ICTR/NDAHIMANA – Sentenced to 25 years in jail for the massacre of Tutsi in Nyange Church

Ndahimana

Photo: Gregoire Ndahimana, Photo/file

Arusha, December 16, 2013 (FH) – The Appeals Chamber of the International Criminal Tribunal for Rwanda (ICTR) on Monday sentenced a former mayor to 25 years in jail for the massacre of Tutsis in a church during the 1994 genocide, whereas the lower court had given him only 15 years.

Grégoire Ndahimana, 60, was mayor of Kivumu, in the western prefecture of Kibuye, during the genocide.
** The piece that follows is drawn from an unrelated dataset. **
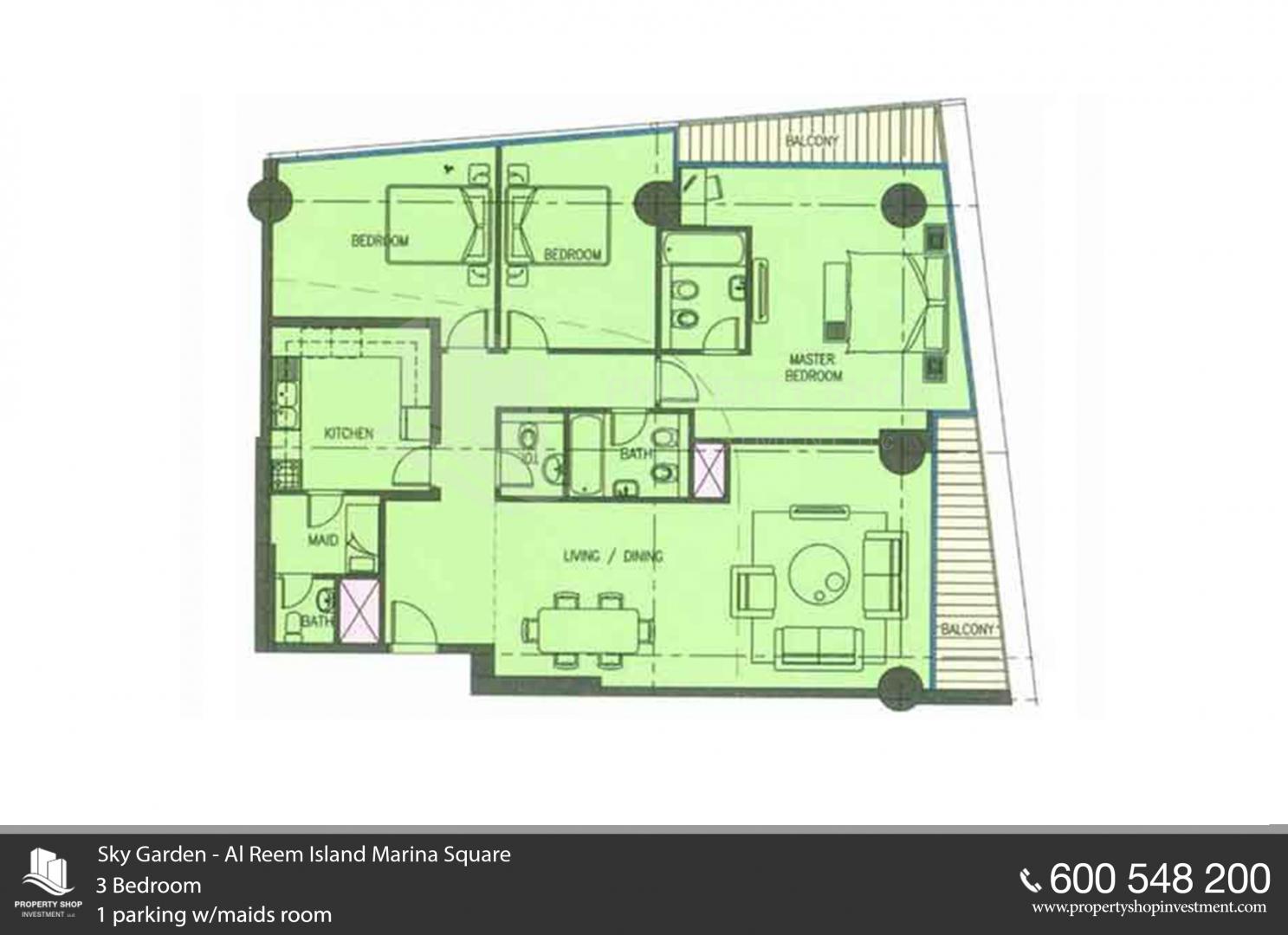 Floor plan of  Sky Gardens Tower 3 3 Beds - - - - 1 -

The five judges confirmed his conviction for genocide and extermination but with an increased form of responsibility.

The lower court had convicted Ndahimana for failing to sanction communal police who took part in the April 15, 1994 attack on Tutsis sheltering in Nyange Catholic church, which was situated in his commune. He was also convicted for his “tacit approval” of the church’s destruction the next day. The Nyange church was demolished with a bulldozer on April 16, burying alive some 2,000 Tutsis who were hiding there.

The Appeals Court found that Ndahimana indeed had a genocidal intention and acted in the context of a “joint criminal enterprise aimed at exterminating Tutsis from Kivumu commune”. Its decision stresses that Ndahimana and other local dignitaries shared a beer, apparently celebrating, after the destruction of the church.
After the appeals judgment was read out, the ex-mayor, who had been standing in court, collapsed into his wheelchair. As for his wife, Esther, who was in the public gallery, she could not hold back her tears.
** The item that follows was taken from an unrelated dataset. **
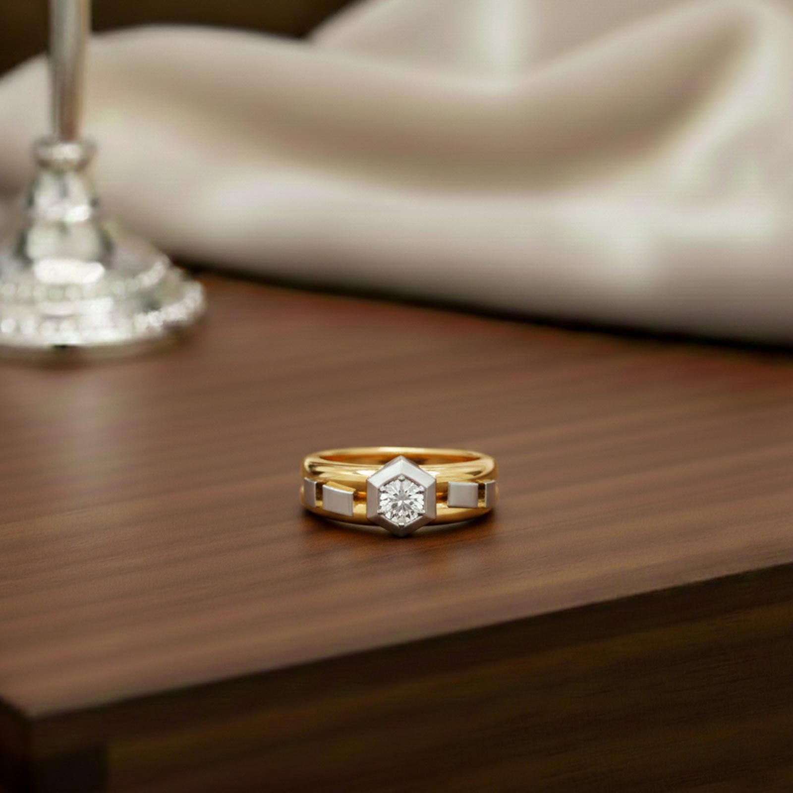 Dual Tone Luxurious Diamond Geometric Men's Band

Ndahimana was arrested on August 10, 2009, in the eastern Democratic Republic of Congo, and transferred to the ICTR prison in Arusha, Tanzania, 11 days later. His trial opened on 6 September, 2010.

He is the third person to be convicted by the ICTR for the Nyange church massacre, after former parish priest Athanase Seromba and businessman Gaspard Kanyarukiga.
The ICTR has also indicted for the same events the ex-head of judicial police, Fulgence Kayishema, who is still on the run.
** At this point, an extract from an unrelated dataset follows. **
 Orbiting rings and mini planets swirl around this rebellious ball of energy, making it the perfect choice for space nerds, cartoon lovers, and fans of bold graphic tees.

In Rwanda two Catholic priests, Edouard Nturiye and Jean-François Kayiranga were tried in connection with the Nyange church massacre and were acquitted. The driver of the bulldozer that destroyed the church, Anastase Nkinamubanzi, was sentenced in Rwanda to life imprisonment.

The role of the churches, especially the Catholic church, in the Rwandan genocide is still highly controversial. During the anti-Tutsi pogroms of 1959 and 1962 in Rwanda, the Tutsis who took refuge in churches were safe. So three decades later they fled in their tens of thousands to religious buildings, trying to escape their killers. This time, however, they mostly died there, blown apart by grenades, burned alive or crushed to death by bulldozers.